Three things this unlocks:

Customization without forking the model. Every firm has its own variance threshold, its own break-tracing convention, its own KYC risk scoring. Pre-template, customizing meant editing one giant system prompt and praying the rest of the behavior didn’t shift. Post-template, you swap a skill file. The orchestrator and subagents stay generic. The vendor ships a baseline; the firm ships a delta.

A marketplace surface. Plugins, skills, and connectors are independently distributable. Partner-built plugins (LSEG, S&P Global) ship in the same repo as Anthropic’s reference templates. Expect a long tail of vendor-published skills (compliance, jurisdiction-specific accounting rules) and connectors (proprietary data providers) to follow. The reason is structural: the format makes third-party distribution possible without requiring those vendors to ship a full agent.

Per-layer evals. A single agent is an eval nightmare — you can grade the final output but you can’t isolate what failed. With layers, you can eval each one independently. Does the orchestrator pick the right skill?
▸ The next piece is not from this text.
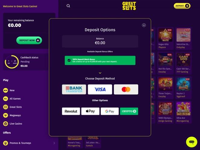 支払い方法に関しては、Great Slots Casino はVisa 、 Mastercard 、銀行振込、 Google Pay 、 Apple Pay 、 Revolutなど、複数の入金・出金オプションを提供しています。さらに、ビットコイン、ビットコインキャッシュ、ドージコイン、イーサリアム、カルダノ、トンコイン、ソラナ、トロン、 USDコイン、テザー、リップルなど、複数の暗号通貨での入金・出金も可能です。
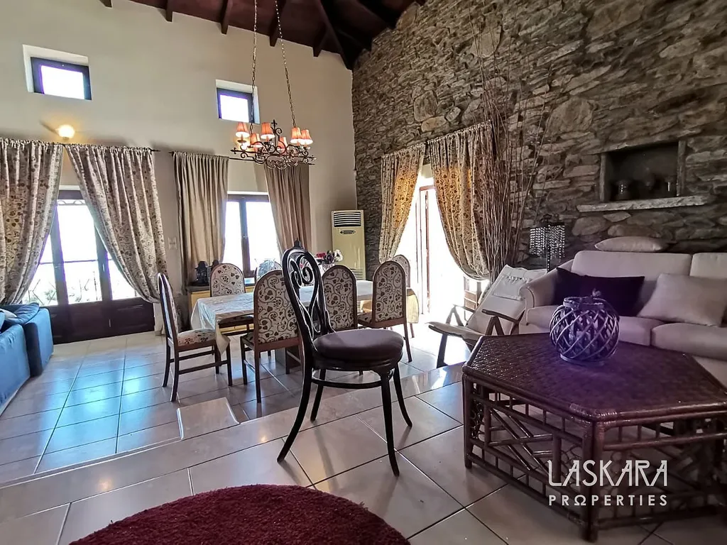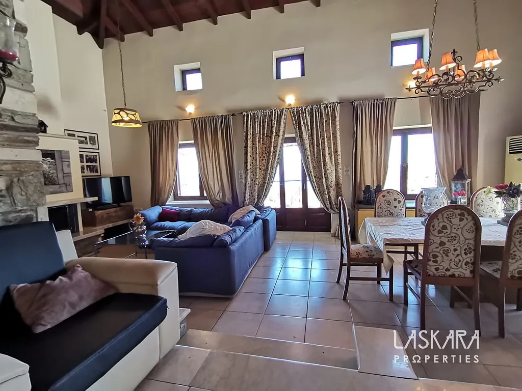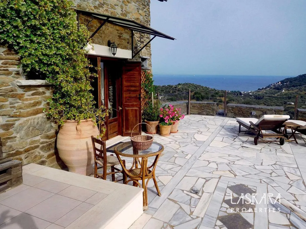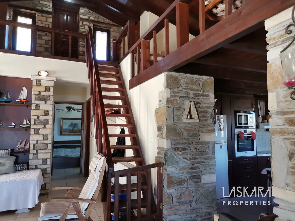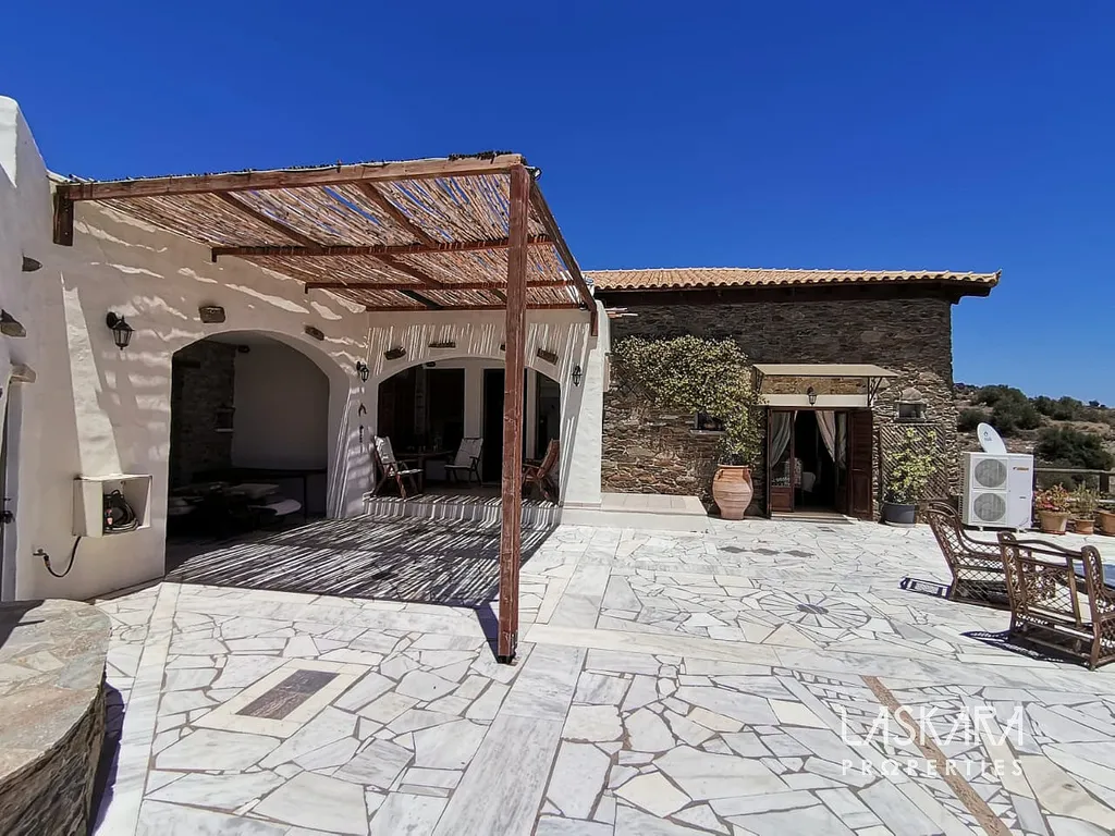Nemovitost o obytné ploše 410 m² nabízí tři podlaží s mnoha ložnicemi, několika koupelnami, dvěma obývacími pokoji, kuchyní a samostatným apartmánem pro hosty. V přízemí (154 m²) se nachází velkorysý společenský prostor s krbem a starožitným nábytkem, vhodný pro recepce, večeře nebo konference. Kamenné terasy s výhledem na moře, rozsáhlá zahrada a okolní příroda poskytují ideální prostředí pro nezapomenutelné události.

Does the subagent produce the right output given a fixed input? Does the connector return expected data? The layers create natural seams to test at, which is the kind of unglamorous infrastructure work that actually decides whether a system survives in production.

What it doesn’t solve

Latency across layers. Every subagent call is a full LLM round-trip. A workflow that delegates to three subagents serially pays three sequential inference times. For analyst-in-the-loop work, this is fine. For voice agents or anything with a hard latency budget, this design will hurt — the orchestrator-subagent boundary is the wrong abstraction when sub-500ms matters.

Long-horizon context. Subagents are stateless by default. State lives in the orchestrator. For a half-hour reconciliation that touches hundreds of transactions, the orchestrator’s context window becomes the bottleneck and the failure mode. Anthropic’s own long-running harness work (the claude-progress.txt + git checkpoint pattern, November 2025) and the follow-up on harness design (March 2026) sit outside this template format. Combining them is left as an exercise. It will not be trivial.

Connector governance. As noted above, the format gives you a seam, not a guarantee. The hard part — credential scoping, audit logging, PII redaction, jurisdiction routing — happens in the MCP servers themselves and the policy layer the firm wires around them. The template format doesn’t make any of this easier; it just makes it possible to add it without re-architecting the agent.

Debug-across-seam. When the answer is wrong, which layer broke? The orchestrator picked the wrong skill? The skill content was stale? The subagent ignored part of its prompt? The connector returned partial data? Each layer needs its own observability story, and the cross-layer trace is where most teams will spend their evals budget. There is no shortcut here.

What to watch next

A few things on the near horizon worth tracking:

• Does OpenAI converge? OpenAI’s recent harness work has emphasized state snapshots and multi-sandbox parallelism over composable templates. Whether GPT-5’s agent platform adopts a similar skills/connectors/subagents decomposition or doubles down on its own primitives will tell us a lot about whether this layering is a stable abstraction or a transient one.
• The depth-1 subagent constraint. Anthropic explicitly limits subagents to depth-1. If long-horizon workflows demand depth-2 or arbitrary trees, expect the format to bend — or expect orchestrators to grow planner-style internal state to compensate.
• Skills as a marketplace. Anthropic shipped these as a public cookbook. The question is whether third parties — compliance vendors, accounting standards bodies, jurisdiction-specific data providers — start publishing skills against this format. If they do, the format becomes a de facto standard. If they don’t, it stays Anthropic-shaped.
• Eval tooling for templates. Per-layer evals are the unlock. Whoever ships the per-layer test harness — fixture-based connector mocks, skill-invocation tracing, subagent output contracts — owns the production story for this pattern.

The financial services templates are the launching surface. The architecture underneath is the part that will outlast them.